The building aims to be very green, but isn't pursuing LEED certification. Its environmentally friendly and sustainable features will also include operable windows, a green roof, rain garden, solar panels, bike parking for around 30 bikes, and showers for cycle commuters.
The building is very much a boutique project, “a legacy project” says Trevithick, that the owner intends to keep, not sell. Concrete and steel would've been cheaper, she says. (How much isn't clear.) “I know there was a little bit of a premium to go with DLT.”
Mass timber is probably a faster method of construction, compared with concrete and steel. And the permitting was speedy, with no city of Kirkland design review because of its small size.
“It was really nice,” says Trevithick of the blank-paper design process, with no one looking over their shoulders.
Thirty-foot zoning for the site also capped the height and scale of the project.
“That was the biggest challenge,” says Trevithick.
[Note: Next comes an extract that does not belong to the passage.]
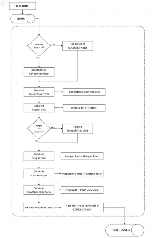 圖 2 中所示的外層回路用于控制電機(jī)在不同條件下的轉(zhuǎn)速,例如負(fù)載需求、干擾和溫度漂移變化等。轉(zhuǎn)速由 SMT 測(cè)量。SMT 是一款具有時(shí)鐘和門控邏輯的 24 位計(jì)數(shù)定時(shí)器,經(jīng)配置可用于測(cè)量多種數(shù)字信號(hào)參數(shù),如脈沖寬度、頻率、占空比以及兩輸入信號(hào)邊沿之間的時(shí)間差?赏ㄟ^(guò) SMT 的周期和占空比采集模式測(cè)量電機(jī)的輸出頻率。在此模式下,SMT 信號(hào)的占空比或周期都可基于 SMT 時(shí)鐘進(jìn)行采集。SMT 會(huì)計(jì)算單個(gè)電機(jī)旋轉(zhuǎn)周期內(nèi)的 SMT 時(shí)鐘數(shù),然后將結(jié)果存儲(chǔ)于捕捉周期寄存器中。使用該寄存器可獲得電機(jī)的實(shí)際頻率。將實(shí)際轉(zhuǎn)速與參考轉(zhuǎn)速進(jìn)行比較時(shí),如果實(shí)際轉(zhuǎn)速高于設(shè)定的參考轉(zhuǎn)速,則產(chǎn)生正誤差;如果實(shí)際轉(zhuǎn)速低于設(shè)定的參考轉(zhuǎn)速,則產(chǎn)生負(fù)誤差。此誤差會(huì)饋入 PI 控制器。PI 控制器是一種固件算法,用于計(jì)算轉(zhuǎn)速偏差的補(bǔ)償值。在初始 PWM 占空比的基礎(chǔ)上加減此補(bǔ)償值可得到新的占空比值。

Says Schoenfeld, “A small project like this is a little unusual for LMN.” All the permits came quickly, in part because of the scale. “It's actually been very painless.”
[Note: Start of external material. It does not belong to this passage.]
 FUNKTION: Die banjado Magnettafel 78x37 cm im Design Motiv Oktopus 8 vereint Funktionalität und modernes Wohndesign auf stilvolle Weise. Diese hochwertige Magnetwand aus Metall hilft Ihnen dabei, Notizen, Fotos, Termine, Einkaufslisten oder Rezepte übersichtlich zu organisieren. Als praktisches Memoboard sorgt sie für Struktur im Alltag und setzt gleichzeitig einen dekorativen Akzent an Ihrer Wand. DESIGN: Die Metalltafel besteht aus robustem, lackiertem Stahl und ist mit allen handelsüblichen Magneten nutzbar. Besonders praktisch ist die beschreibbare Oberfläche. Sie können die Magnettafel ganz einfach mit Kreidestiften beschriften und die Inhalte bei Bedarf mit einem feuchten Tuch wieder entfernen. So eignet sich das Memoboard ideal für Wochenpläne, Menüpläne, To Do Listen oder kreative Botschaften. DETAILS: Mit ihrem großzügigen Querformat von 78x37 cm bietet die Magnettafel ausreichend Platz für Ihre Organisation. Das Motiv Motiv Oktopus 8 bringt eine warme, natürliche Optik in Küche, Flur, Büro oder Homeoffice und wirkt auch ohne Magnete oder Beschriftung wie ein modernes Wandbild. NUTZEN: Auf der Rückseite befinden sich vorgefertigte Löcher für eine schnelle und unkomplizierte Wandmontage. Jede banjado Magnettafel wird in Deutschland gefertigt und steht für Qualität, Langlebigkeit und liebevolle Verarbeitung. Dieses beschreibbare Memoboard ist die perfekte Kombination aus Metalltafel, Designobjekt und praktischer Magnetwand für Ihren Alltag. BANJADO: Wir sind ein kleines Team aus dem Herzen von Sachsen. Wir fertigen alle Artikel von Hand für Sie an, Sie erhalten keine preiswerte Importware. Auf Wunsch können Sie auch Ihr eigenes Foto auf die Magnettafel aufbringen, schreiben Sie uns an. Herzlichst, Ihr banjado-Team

Because mass timber projects have most of their components pre-cut offsite, assembly can be very quick — almost like modular construction. Schoenfeld isn't worried about the supply chain or product delivery from StructureCraft. “They are starting the fabrication very soon.”
That wood should begin snapping into place next summer. Sierra's project website targets the fourth quarter of next year for completion.
CBRE estimates that the tower crane will go up in the first quarter of 2020. Shoring and excavation are now underway. That's being done with concrete, of course; and the building core will be concrete, too.
Mass timber is also clean — both before and after construction. CBRE emphasizes no glue and no off-gassing, thus “creating a one-of-a-kind renewable and environmentally friendly building.”
Project ownership is somewhat opaque. Mt Baker Holdings LLC acquired the property under a different name in 2002 for $4 million. It's governed by a trust whose officers, based at Carillon Point, often represent family trusts and investments associated with Bill Gates.
The prominent triangular site, totaling a bit over an acre, is bounded by Lakeview and Lake Washington Boulevard Northeast — right at the entrance to Carillon Point.
The project is apparently proceeding on spec. CBRE's Tom Bohman and Tim Owen are marketing the space as one or two floors, with a maximum total capacity of around 400 workers. If one tenant takes the building, say the architects, open stairs and punch-throughs would be easy to add.
The team also includes Triad Associates, surveyor; GeoEngineers, geotechnical engineer; Coughlin Porter Lundeen, structural and civil engineer; Hewitt, landscape architect; Rushing, MEP engineer; Fisher Marantz Stone, lighting designer; Fortune Shepler Saling, vertical transportation consultant; Morrison Hershfield, building envelope consultant; and Ground Support, shoring.